Open KatjaSchulz opened 8 years ago

KatjaSchulz commented 8 years ago

Our old XLS to DwC-A converter isn't working anymore, and uploading XLS spreadsheets directly to the EOL content partner registry doesn't work anymore. Eventually, we would like to bring back this functionality, but in the meantime, it would be great to simply have a stand-alone XLS to DwC converter for TraitBank spreadsheets. We could then simply run our spreadsheets through this converter and point the content partner registry to the DwC-Archives created by the converter.

eliagbayani commented 8 years ago

Hi Katja, @jhammock I think I may have an idea of what the problem is. For the meantime, can you send me a link to all of your spreadsheets that needs to be converted to DwC-A. I will convert it locally first on my machine then submit it to you the DwC-A. If everything looks good then I will proceed fixing up our tool. Thanks.

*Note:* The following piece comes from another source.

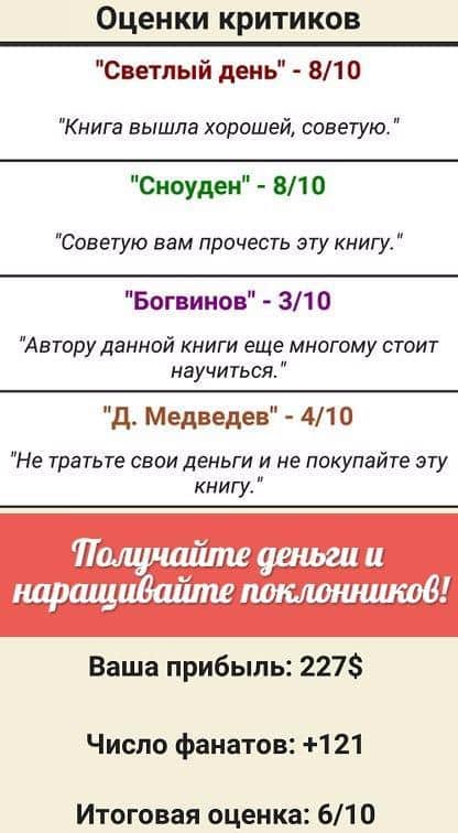 Симулятор Письменника - захоплююча гра, де кожен ваш крок визначає вашу долю у світі літератури та бізнесу. Тут ви зможете пройти шлях від початківця письменника до відомого магната та засновника власної літературної імперії. Вас чекають захоплюючі пригоди, зворушливі моменти та несподівані повороти подій.

jhammock commented 8 years ago

Thank you, Eli! I have a zipfile for you of resources I need to reharvest- they'll be updates of existing resources, but I don't imagine that will matter: https://www.dropbox.com/s/y78ikoddp6e37sn/to%20harvest.zip?dl=0

@KatjaSchulz , @millerse, if you have spreadsheets ready to go, either on your desktop or in some funny thwarted status in the resource upload interface, please pass them to Eli.

If you can fix the original tool, Eli, that's great, but if it's easier to start from scratch, we're open to all plausible ideas. Let us know how you'd like to proceed. :)

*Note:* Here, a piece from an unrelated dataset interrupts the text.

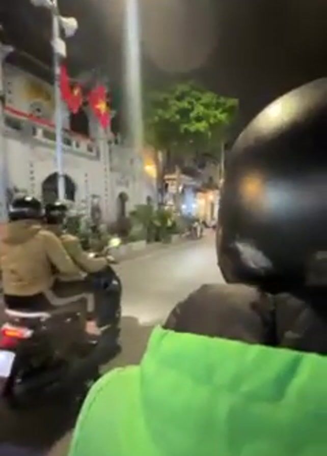 night scene from the perspective of someone riding on the back of a scooter. The person in front is wearing a black helmet and the videographer is wearing a bright green jacket. They are driving down a narrow street lit by streetlights. There are buildings lining the street, some with shops and lights visible. Several people are walking on the sidewalk. There is at least one Vietnamese flag visible. Other scooters are parked on the side of the road and driving nearby.

eliagbayani commented 8 years ago

Hi Jen, Good news, I don’t think there is a need to start from scratch here.

All of your spreadsheets were processed. Since #1 to #4 are small, they were processed by our tool (http://services.eol.org/xls2dwca/; but locally from my machine at the moment). While #5 (mineralogy 2015.xlsx) the big spreadsheet was processed by a connector (799.php).

So theoretically, I can also update this connector to be generic and process any template spreadsheet and generate the DWC-A file.

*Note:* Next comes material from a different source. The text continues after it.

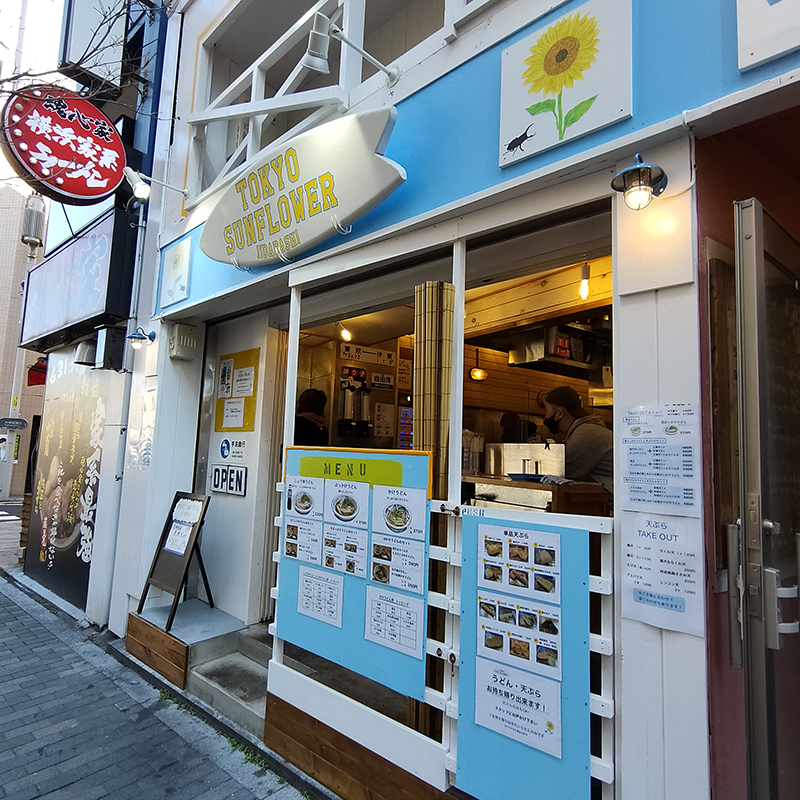 うどん屋さんらしからぬ爽やかな外観。どことなく見覚えがある様な・・・

-1. Barton Finkel 2013.xlsx (VALID resource) => https://dl.dropboxusercontent.com/u/7597512/spreadsheets/resources/dwca_20411.tar.gz

http://rs.tdwg.org/dwc/terms/taxon:113 http://eol.org/schema/reference/reference:90 http://rs.tdwg.org/dwc/terms/measurementorfact:559

-2. Barton Pershing 2013.xlsx (VALID resource) => https://dl.dropboxusercontent.com/u/7597512/spreadsheets/resources/dwca_55910.tar.gz

http://rs.tdwg.org/dwc/terms/taxon:29 http://eol.org/schema/reference/reference:4 http://rs.tdwg.org/dwc/terms/measurementorfact:181

-3. Olenina 2006.xlsx (VALID resource) => https://dl.dropboxusercontent.com/u/7597512/spreadsheets/resources/dwca_56340.tar.gz http://rs.tdwg.org/dwc/terms/taxon:900 http://rs.tdwg.org/dwc/terms/measurementorfact:26053

-4. bioluminescent.xlsx (PARTIALLY VALID resource, spreadsheet needs to be fixed) => https://dl.dropboxusercontent.com/u/7597512/spreadsheets/resources/dwca_67664.tar.gz

http://rs.tdwg.org/dwc/terms/taxon:782 http://rs.tdwg.org/dwc/terms/measurementorfact:730

Errors File: taxa.txt Line: 751, 766, 767, 771 Message: Duplicate identifiers

-5. mineralogy 2015.xlsx (VALID resource) => https://dl.dropboxusercontent.com/u/7597512/spreadsheets/resources/799.tar.gz

http://rs.tdwg.org/dwc/terms/taxon:293066 http://rs.tdwg.org/dwc/terms/measurementorfact:986311 http://eol.org/schema/reference/reference:63 This is quite a big spreadsheet. I did process this with an existing connector (799.php).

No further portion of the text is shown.